[Dataset entries]
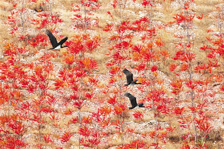 由于南水回补库区、汛期降水相对丰沛,北京密云水库蓄水量自2000年以来首次突破20亿立方米。日渐上涨的库水和清净的库区环境吸引了鸟类,近日在密云水库流域,水库工作人员拍摄到世界濒危珍禽——黑鹳的身影。 图为在密云水库流域,三只黑鹳飞过成片的水源涵养林。 新华社发
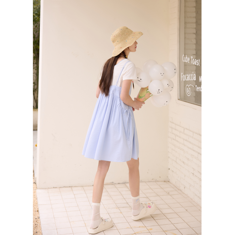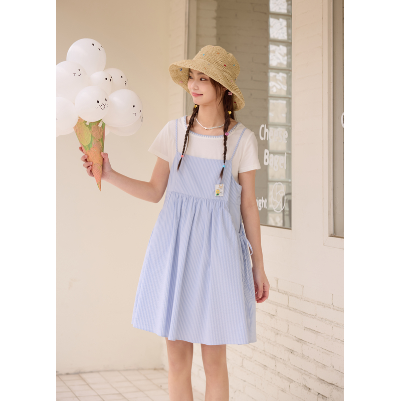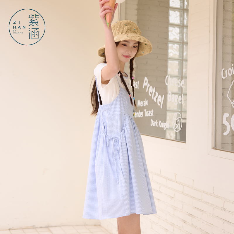 新款 女2025年夏季 T恤条纹吊带连衣裙两件套装 紫涵多巴胺方领短袖
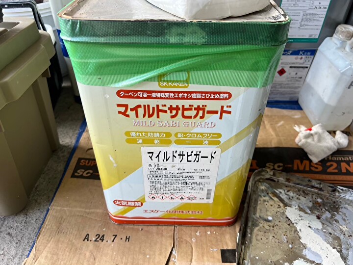 付帯部の塗装では、下塗りにマイルドサビガード、仕上げ塗料にクリーンマイルドウレタンを使用しました。
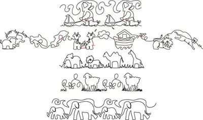 Beautiful continuous line pantograph patterns exclusively designed for mid-arm, short-arm and domestic machines. Each pattern on the roll is 4 inches wide and 5 different patterns come on each of the rolls.
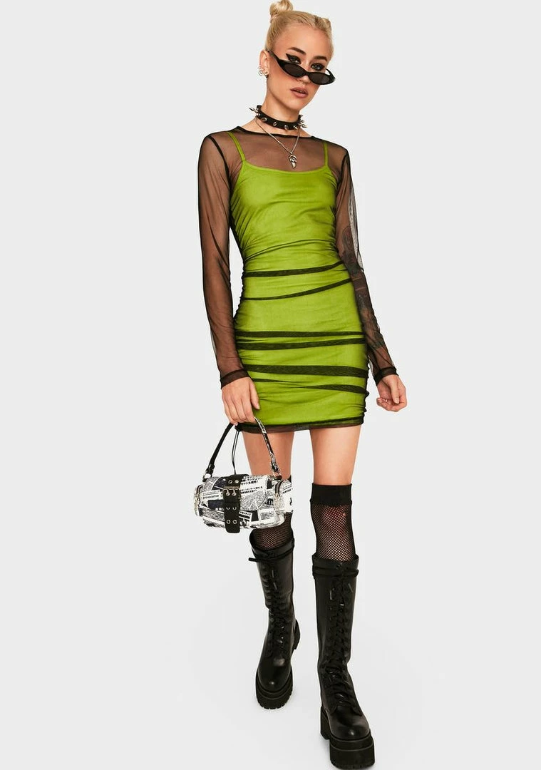 ur a betch, a boss N’ shine like gloss. This long sleeve mini dress has a bodycon fit, N’ mesh overlay.
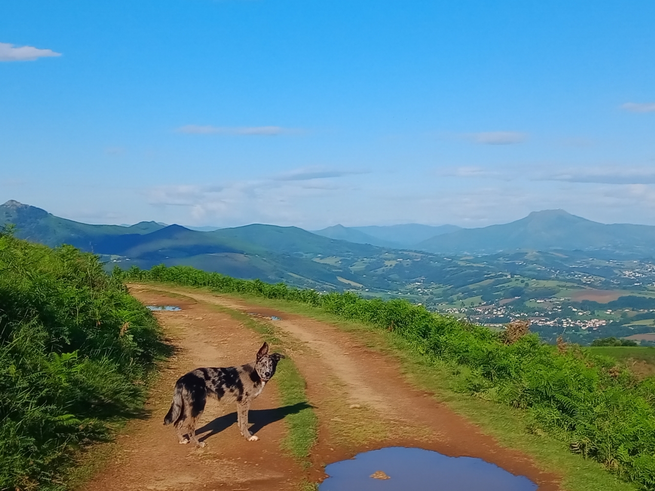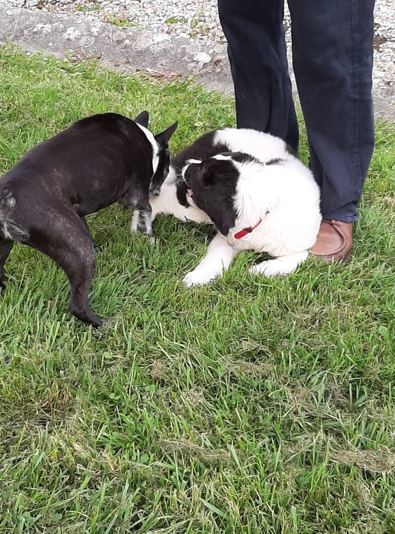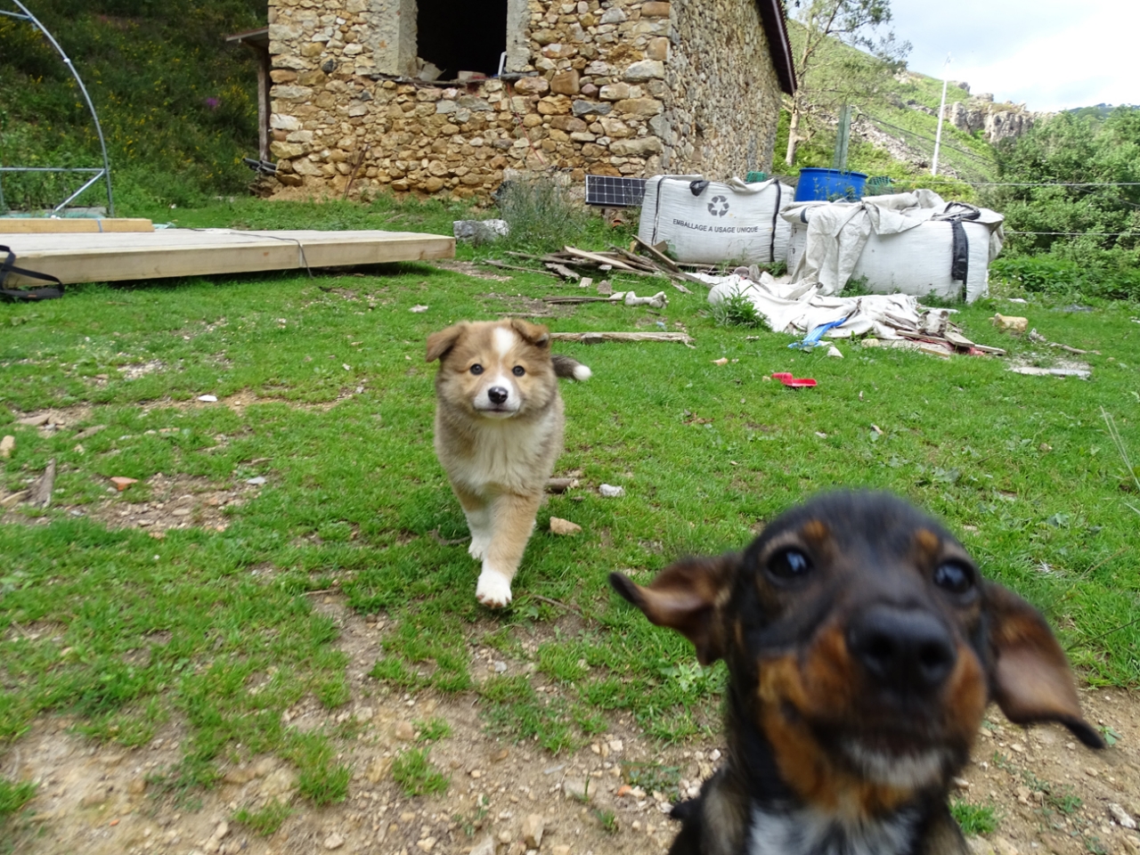 | Dire merci1 | Finalement on a pris un autre chiot pour tenir compagnie à notre Xita, qui s'est très bien faite à la vie à la bergerie avec les poules, mais on avait quand même un peu de peine de la laisser sans congénère humain ou canin toutes ces longues heures... Alors du coup j'en ai profité pour prendre un toutou poilu (parce que j'aime bien ça), qui pourrait aussi nous servir avec les animaux, voici donc Ekain, Border x berger basque Gorbeia. Et qui s'incruste sur la photo (histoire qu'on ne l'oublie pas) ? ![]() |

• TASK PROMPT: Word for word, give the entries above again, with no images included.

• TASK RESULT:
 由于南水回补库区、汛期降水相对丰沛,北京密云水库蓄水量自2000年以来首次突破20亿立方米。日渐上涨的库水和清净的库区环境吸引了鸟类,近日在密云水库流域,水库工作人员拍摄到世界濒危珍禽——黑鹳的身影。 图为在密云水库流域,三只黑鹳飞过成片的水源涵养林。 新华社发
 新款 女2025年夏季 T恤条纹吊带连衣裙两件套装 紫涵多巴胺方领短袖
 付帯部の塗装では、下塗りにマイルドサビガード、仕上げ塗料にクリーンマイルドウレタンを使用しました。
 Beautiful continuous line pantograph patterns exclusively designed for mid-arm, short-arm and domestic machines. Each pattern on the roll is 4 inches wide and 5 different patterns come on each of the rolls.
 ur a betch, a boss N’ shine like gloss. This long sleeve mini dress has a bodycon fit, N’ mesh overlay.
 | Dire merci1 | Finalement on a pris un autre chiot pour tenir compagnie à notre Xita, qui s'est très bien faite à la vie à la bergerie avec les poules, mais on avait quand même un peu de peine de la laisser sans congénère humain ou canin toutes ces longues heures... Alors du coup j'en ai profité pour prendre un toutou poilu (parce que j'aime bien ça), qui pourrait aussi nous servir avec les animaux, voici donc Ekain, Border x berger basque Gorbeia. Et qui s'incruste sur la photo (histoire qu'on ne l'oublie pas) ? ![]() |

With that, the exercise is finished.